Ask Nicole: How Are You Doing?

By |2021-08-19T20:46:06-04:00December 18th, 2019|Categories: Self & Community Care|Tags: , |0 Comments

Have a question you’d like to be featured? Let me know.

Early in the year, I picked up my phone to speak with a friend that I hadn’t talked to in a while.

We met while as college students and youth activists through one of Advocates for Youth’s youth leadership initiatives. She’s a pediatrician and had recently opened a home pediatrics business.

We were scheduled to talk about our businesses, and before we started, she asked, “First off, how are you doing? I see you doing great things via social media, but I really want to know how you are doing.”

I was caught off guard.

It took a few seconds to respond, and I realize I couldn’t remember the last time someone asked me if I was ok or how am I doing without it being tied to a request.

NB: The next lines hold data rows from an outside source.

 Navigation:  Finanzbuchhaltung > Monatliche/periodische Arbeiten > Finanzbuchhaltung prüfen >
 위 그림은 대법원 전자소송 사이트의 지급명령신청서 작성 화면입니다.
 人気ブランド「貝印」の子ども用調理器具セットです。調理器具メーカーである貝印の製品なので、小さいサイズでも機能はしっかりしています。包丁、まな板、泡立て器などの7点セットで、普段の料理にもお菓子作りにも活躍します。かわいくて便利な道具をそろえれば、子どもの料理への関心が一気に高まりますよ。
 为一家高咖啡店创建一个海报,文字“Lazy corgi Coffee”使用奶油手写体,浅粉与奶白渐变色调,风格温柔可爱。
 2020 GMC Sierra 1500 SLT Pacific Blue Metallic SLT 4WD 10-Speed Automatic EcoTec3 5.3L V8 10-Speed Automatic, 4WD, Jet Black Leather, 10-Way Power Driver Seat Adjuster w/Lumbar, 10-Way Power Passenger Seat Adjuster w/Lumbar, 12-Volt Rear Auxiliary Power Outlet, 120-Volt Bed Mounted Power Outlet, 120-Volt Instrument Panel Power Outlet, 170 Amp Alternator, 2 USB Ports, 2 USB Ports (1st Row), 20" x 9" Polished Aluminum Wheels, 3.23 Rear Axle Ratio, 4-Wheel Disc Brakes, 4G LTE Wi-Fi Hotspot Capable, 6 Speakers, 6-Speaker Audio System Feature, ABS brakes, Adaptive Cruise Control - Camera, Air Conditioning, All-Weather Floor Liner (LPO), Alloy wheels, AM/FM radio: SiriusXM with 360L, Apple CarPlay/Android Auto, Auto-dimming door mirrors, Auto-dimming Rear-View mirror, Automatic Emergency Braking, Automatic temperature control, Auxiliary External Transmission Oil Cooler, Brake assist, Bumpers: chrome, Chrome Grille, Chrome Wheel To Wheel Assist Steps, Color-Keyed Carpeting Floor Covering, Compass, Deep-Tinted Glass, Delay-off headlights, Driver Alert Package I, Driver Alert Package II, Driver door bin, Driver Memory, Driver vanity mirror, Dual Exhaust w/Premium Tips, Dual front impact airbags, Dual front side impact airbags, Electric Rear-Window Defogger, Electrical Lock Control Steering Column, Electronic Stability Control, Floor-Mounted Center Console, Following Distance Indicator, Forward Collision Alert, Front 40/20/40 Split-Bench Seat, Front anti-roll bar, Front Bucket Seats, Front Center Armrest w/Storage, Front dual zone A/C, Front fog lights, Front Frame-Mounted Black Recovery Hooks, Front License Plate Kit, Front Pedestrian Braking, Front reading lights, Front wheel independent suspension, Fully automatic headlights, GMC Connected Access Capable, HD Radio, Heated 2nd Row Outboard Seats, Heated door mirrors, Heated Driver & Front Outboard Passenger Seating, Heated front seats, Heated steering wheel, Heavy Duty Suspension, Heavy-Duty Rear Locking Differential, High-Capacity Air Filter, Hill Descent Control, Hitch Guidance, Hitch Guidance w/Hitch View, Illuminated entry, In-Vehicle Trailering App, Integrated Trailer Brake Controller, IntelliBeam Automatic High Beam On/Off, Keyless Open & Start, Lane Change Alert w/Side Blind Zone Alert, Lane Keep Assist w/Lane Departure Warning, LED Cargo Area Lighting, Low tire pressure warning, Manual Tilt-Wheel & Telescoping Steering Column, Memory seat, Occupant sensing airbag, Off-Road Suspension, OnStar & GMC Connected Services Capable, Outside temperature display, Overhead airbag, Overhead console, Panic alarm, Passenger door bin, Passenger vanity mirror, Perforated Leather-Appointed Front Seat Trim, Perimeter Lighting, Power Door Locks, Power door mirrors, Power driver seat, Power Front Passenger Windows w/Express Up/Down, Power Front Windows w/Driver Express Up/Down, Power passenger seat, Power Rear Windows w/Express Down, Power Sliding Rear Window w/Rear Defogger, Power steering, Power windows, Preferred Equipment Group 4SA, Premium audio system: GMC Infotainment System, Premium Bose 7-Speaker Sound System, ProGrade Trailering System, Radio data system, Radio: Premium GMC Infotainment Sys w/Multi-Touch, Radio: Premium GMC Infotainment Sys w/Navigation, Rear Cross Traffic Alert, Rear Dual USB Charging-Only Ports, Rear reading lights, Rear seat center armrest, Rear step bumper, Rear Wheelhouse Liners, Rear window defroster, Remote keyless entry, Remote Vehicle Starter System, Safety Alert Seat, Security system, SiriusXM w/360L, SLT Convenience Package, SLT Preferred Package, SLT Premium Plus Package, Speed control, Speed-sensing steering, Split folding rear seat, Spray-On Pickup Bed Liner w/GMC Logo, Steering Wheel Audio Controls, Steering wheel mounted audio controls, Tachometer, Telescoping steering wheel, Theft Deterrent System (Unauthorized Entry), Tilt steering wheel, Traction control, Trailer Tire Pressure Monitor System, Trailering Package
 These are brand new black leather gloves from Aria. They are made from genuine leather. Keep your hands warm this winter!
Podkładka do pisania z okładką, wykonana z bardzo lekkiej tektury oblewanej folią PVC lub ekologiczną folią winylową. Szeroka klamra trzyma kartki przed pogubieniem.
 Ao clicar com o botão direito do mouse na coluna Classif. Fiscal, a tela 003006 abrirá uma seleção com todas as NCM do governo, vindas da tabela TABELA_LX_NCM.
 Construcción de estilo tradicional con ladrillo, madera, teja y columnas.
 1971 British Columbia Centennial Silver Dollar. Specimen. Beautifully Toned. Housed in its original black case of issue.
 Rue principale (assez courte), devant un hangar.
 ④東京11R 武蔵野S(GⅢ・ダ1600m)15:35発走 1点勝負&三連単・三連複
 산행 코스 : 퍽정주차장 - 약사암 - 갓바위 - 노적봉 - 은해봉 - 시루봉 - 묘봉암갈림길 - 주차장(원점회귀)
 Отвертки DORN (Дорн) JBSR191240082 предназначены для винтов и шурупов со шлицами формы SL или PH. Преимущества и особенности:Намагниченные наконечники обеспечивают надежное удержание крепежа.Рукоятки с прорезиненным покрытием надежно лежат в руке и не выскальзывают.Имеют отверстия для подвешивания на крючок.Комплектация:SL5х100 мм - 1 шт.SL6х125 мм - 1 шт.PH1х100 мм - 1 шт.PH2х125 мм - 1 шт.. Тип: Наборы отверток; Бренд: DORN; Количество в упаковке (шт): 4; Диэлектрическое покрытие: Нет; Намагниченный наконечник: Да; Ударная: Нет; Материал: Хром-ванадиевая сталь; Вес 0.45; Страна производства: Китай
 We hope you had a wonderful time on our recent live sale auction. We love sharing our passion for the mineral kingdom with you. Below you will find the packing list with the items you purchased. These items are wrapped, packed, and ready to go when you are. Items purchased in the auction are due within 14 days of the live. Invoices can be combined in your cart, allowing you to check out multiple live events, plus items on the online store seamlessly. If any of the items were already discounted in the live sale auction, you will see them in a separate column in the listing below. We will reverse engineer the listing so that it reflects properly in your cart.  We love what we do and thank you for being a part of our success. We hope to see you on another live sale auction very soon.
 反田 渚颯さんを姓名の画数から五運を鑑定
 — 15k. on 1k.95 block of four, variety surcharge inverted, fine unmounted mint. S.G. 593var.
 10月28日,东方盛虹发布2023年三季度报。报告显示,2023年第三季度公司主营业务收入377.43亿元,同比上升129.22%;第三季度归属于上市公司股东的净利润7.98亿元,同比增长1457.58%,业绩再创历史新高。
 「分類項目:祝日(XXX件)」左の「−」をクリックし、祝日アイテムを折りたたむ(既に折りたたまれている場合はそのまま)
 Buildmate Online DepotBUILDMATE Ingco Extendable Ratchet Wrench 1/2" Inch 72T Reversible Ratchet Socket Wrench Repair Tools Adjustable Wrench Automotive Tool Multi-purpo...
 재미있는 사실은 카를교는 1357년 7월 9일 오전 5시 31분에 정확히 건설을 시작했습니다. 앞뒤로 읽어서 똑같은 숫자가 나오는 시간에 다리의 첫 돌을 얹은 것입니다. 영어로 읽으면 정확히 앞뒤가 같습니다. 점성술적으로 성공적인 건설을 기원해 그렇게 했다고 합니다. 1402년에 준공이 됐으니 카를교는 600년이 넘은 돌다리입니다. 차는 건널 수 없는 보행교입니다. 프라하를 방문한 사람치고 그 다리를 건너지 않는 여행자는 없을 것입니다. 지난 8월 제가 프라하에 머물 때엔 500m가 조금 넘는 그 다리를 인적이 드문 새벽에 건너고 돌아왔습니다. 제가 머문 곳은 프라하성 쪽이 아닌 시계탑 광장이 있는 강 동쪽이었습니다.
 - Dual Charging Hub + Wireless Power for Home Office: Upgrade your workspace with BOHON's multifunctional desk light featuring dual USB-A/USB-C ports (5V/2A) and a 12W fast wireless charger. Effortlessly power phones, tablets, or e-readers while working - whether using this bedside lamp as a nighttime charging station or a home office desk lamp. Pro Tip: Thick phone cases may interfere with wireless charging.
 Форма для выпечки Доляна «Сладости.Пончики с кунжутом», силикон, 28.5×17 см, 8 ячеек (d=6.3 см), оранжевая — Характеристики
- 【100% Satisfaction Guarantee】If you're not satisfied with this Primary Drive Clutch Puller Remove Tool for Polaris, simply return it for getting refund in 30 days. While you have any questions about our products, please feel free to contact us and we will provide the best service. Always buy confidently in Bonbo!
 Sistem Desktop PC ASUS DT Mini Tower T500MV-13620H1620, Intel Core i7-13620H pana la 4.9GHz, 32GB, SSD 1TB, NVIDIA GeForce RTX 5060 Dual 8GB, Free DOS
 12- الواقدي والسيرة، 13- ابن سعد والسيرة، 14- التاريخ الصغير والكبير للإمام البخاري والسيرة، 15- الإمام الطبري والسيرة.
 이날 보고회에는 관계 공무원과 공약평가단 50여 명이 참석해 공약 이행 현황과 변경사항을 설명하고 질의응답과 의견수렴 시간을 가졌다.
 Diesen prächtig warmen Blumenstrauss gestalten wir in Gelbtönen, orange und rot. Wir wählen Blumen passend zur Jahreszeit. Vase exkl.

I get many requests for my time. Personally and professionally. Sometimes these requests start off with a “How are you?” or an “I hope you’re doing well”. Sometimes they get straight to the point. Most of the time these are people I’ve never spoken to before or they’re people I haven’t heard from in some time.

Or sometimes, I’ll reach out to someone only to discover they thought about me recently but didn’t think to reach out. Their reason? Because they look at what I post on social media and believe that everything is fine.

When was the last time you asked someone “How are you doing?” and it wasn’t connected to a request for their time?

How often do you think of someone and assume everything is fine based on what they elect to share on social media?

How often do you think of someone in passing, and make no effort to reach out to them?

When was the last time you made plans to spend time with someone and allowed for those plans to fall through?